→ **Activity**
Copy the listing below in full and skip every picture.

→ **Extracted material**
========================

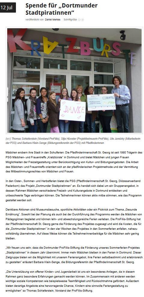 In den Oster-, Sommer- und Herbstferien bietet die Pfadfinderinnenschaft St. Georg das Projekt „Dortmunder Stadtpiratinnen“ an. Es handelt sich dabei um ein Gruppenangebot, in dessen Rahmen Mädchen zusammen mit anderen verschiedene Freizeit- und Kulturangebote in Dortmund entdecken und sich von ihrem Alltag erholen können. Die Teilnehmerinnen können aktiv mitbestimmen, wie das Programm gestaltet werden soll. Die ProFiliis-Stiftung hatte der Pfadfinderinnenschaft St. Georg die Übernahme der Kosten für die vier Wochen des Projektes in den Sommerferien zugesagt. Auf diese Weise konnten die Teilnehmerbeträge für die Mädchen sehr gering bleiben.
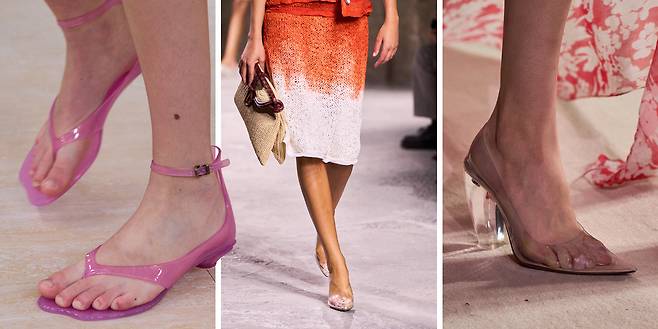 위트 있고 장난기 어린 분위기로 어린 아이들부터 성인들의 마음까지 사로잡은 젤리 슈즈가 올여름 보다 페미닌한 스타일로 변모했습니다. 끌로에는 사랑스러운 핑크 컬러의 PVC 소재를 사용해 로맨틱한 무드를 더하고, 낮은 키튼 힐로 편안함까지 놓치지 않았습니다. 보테가 베네타와 빅토리아 베컴은 보디 전체가 투명한 펌프스 스타일로 선보여 시원해 보이는 효과와 여성스러운 매력을 동시에 자아냅니다.
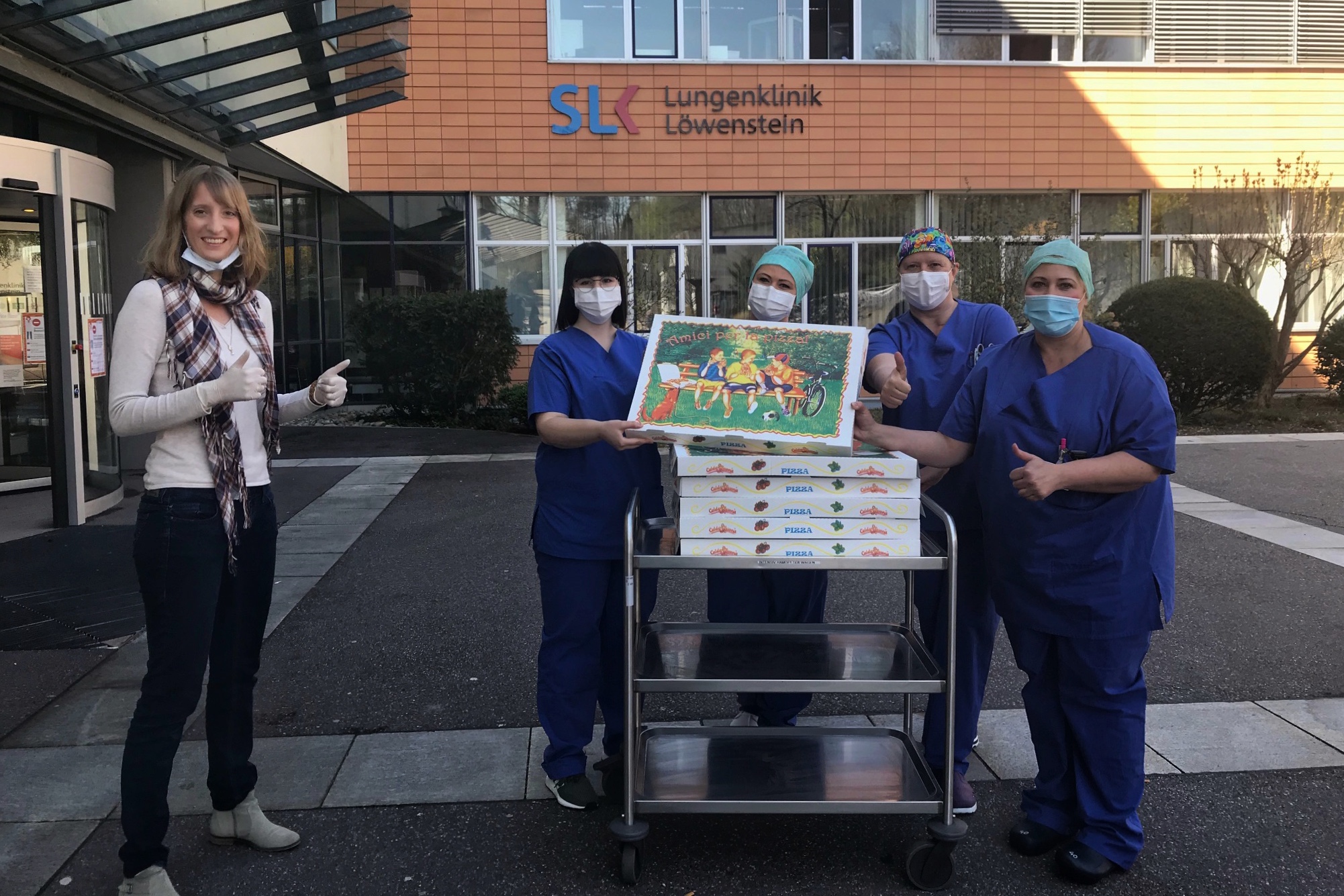 „Nachdem ich bereits letzte Woche eine Lieferung an selbstgenähten Behelfsmasken an die Heime der „Dienste für Menschen“ ausliefern konnte, war es mir sehr wichtig, den Beschäftigten in den Kliniken als weitere Alltagshelden symbolisch zu danken. In den Kliniken sorgen unzählige Ärztinnen und Ärzte, Pflegerinnen und Pfleger und viele weitere Beschäftigte dafür, dass die Kranken, insbesondere die mit dem Corona-Virus Infizierten, bestmöglich versorgt werden. Dabei retten sie nicht nur viele Leben, sondern stellen sich selbst hintenan und sind seit Wochen unermüdlich im Einsatz für die Patientinnen und Patienten“, so die CDU-Landtagsabgeordnete Isabell Huber nachdem sie am Donnerstag (2.4.) eine Lieferung Pizza als Mittagessen für die Intensivstation in der Lungenfachklinik Löwenstein vorbeigebracht hatte.
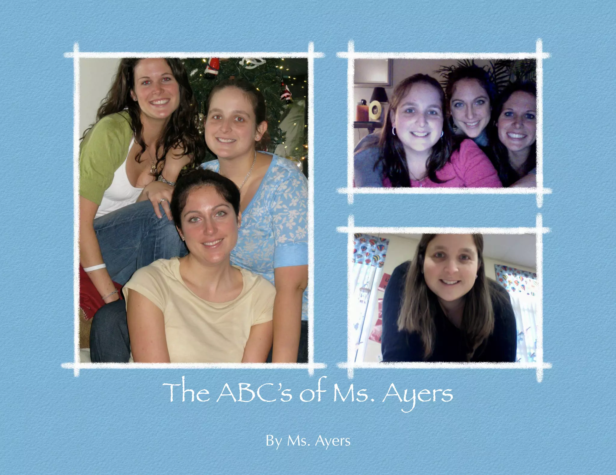 This book introduces Ms. Ayers to her students through an alphabet book where each letter represents something about her life. She shares that she loves apples, the Boston Red Sox, and has a cat named Fenway. Ms. Ayers also enjoys Disney, taking care of the earth, her family, going to places like the park and beach, ice cream, her sisters Julie and Jenny, kids, lions, Massachusetts where she was born, nighttime, the ocean, painting, being quirky, reading, sign language, tulips, vegetables, water, being excited, her students, the zoo, and played band instruments in school. Photos show her on her first day of kindergarten and sixth birthday as
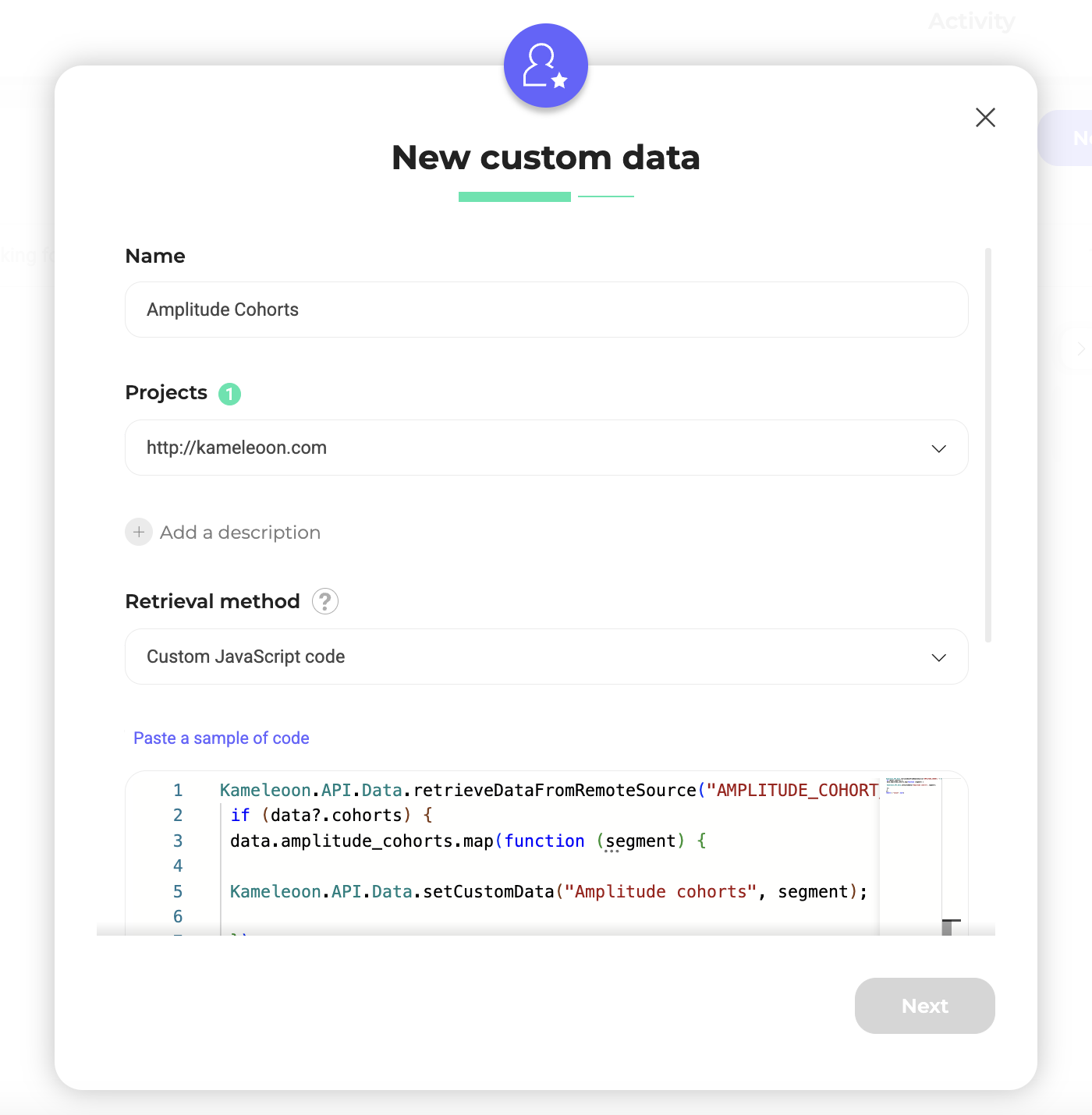 To create a segment based on Amplitude cohorts, set up a custom data in Kameleoon > Configure > Custom data.

========================

→ **Written answer**
 In den Oster-, Sommer- und Herbstferien bietet die Pfadfinderinnenschaft St. Georg das Projekt „Dortmunder Stadtpiratinnen“ an. Es handelt sich dabei um ein Gruppenangebot, in dessen Rahmen Mädchen zusammen mit anderen verschiedene Freizeit- und Kulturangebote in Dortmund entdecken und sich von ihrem Alltag erholen können. Die Teilnehmerinnen können aktiv mitbestimmen, wie das Programm gestaltet werden soll. Die ProFiliis-Stiftung hatte der Pfadfinderinnenschaft St. Georg die Übernahme der Kosten für die vier Wochen des Projektes in den Sommerferien zugesagt. Auf diese Weise konnten die Teilnehmerbeträge für die Mädchen sehr gering bleiben.
 위트 있고 장난기 어린 분위기로 어린 아이들부터 성인들의 마음까지 사로잡은 젤리 슈즈가 올여름 보다 페미닌한 스타일로 변모했습니다. 끌로에는 사랑스러운 핑크 컬러의 PVC 소재를 사용해 로맨틱한 무드를 더하고, 낮은 키튼 힐로 편안함까지 놓치지 않았습니다. 보테가 베네타와 빅토리아 베컴은 보디 전체가 투명한 펌프스 스타일로 선보여 시원해 보이는 효과와 여성스러운 매력을 동시에 자아냅니다.
 „Nachdem ich bereits letzte Woche eine Lieferung an selbstgenähten Behelfsmasken an die Heime der „Dienste für Menschen“ ausliefern konnte, war es mir sehr wichtig, den Beschäftigten in den Kliniken als weitere Alltagshelden symbolisch zu danken. In den Kliniken sorgen unzählige Ärztinnen und Ärzte, Pflegerinnen und Pfleger und viele weitere Beschäftigte dafür, dass die Kranken, insbesondere die mit dem Corona-Virus Infizierten, bestmöglich versorgt werden. Dabei retten sie nicht nur viele Leben, sondern stellen sich selbst hintenan und sind seit Wochen unermüdlich im Einsatz für die Patientinnen und Patienten“, so die CDU-Landtagsabgeordnete Isabell Huber nachdem sie am Donnerstag (2.4.) eine Lieferung Pizza als Mittagessen für die Intensivstation in der Lungenfachklinik Löwenstein vorbeigebracht hatte.
 This book introduces Ms. Ayers to her students through an alphabet book where each letter represents something about her life. She shares that she loves apples, the Boston Red Sox, and has a cat named Fenway. Ms. Ayers also enjoys Disney, taking care of the earth, her family, going to places like the park and beach, ice cream, her sisters Julie and Jenny, kids, lions, Massachusetts where she was born, nighttime, the ocean, painting, being quirky, reading, sign language, tulips, vegetables, water, being excited, her students, the zoo, and played band instruments in school. Photos show her on her first day of kindergarten and sixth birthday as
 To create a segment based on Amplitude cohorts, set up a custom data in Kameleoon > Configure > Custom data.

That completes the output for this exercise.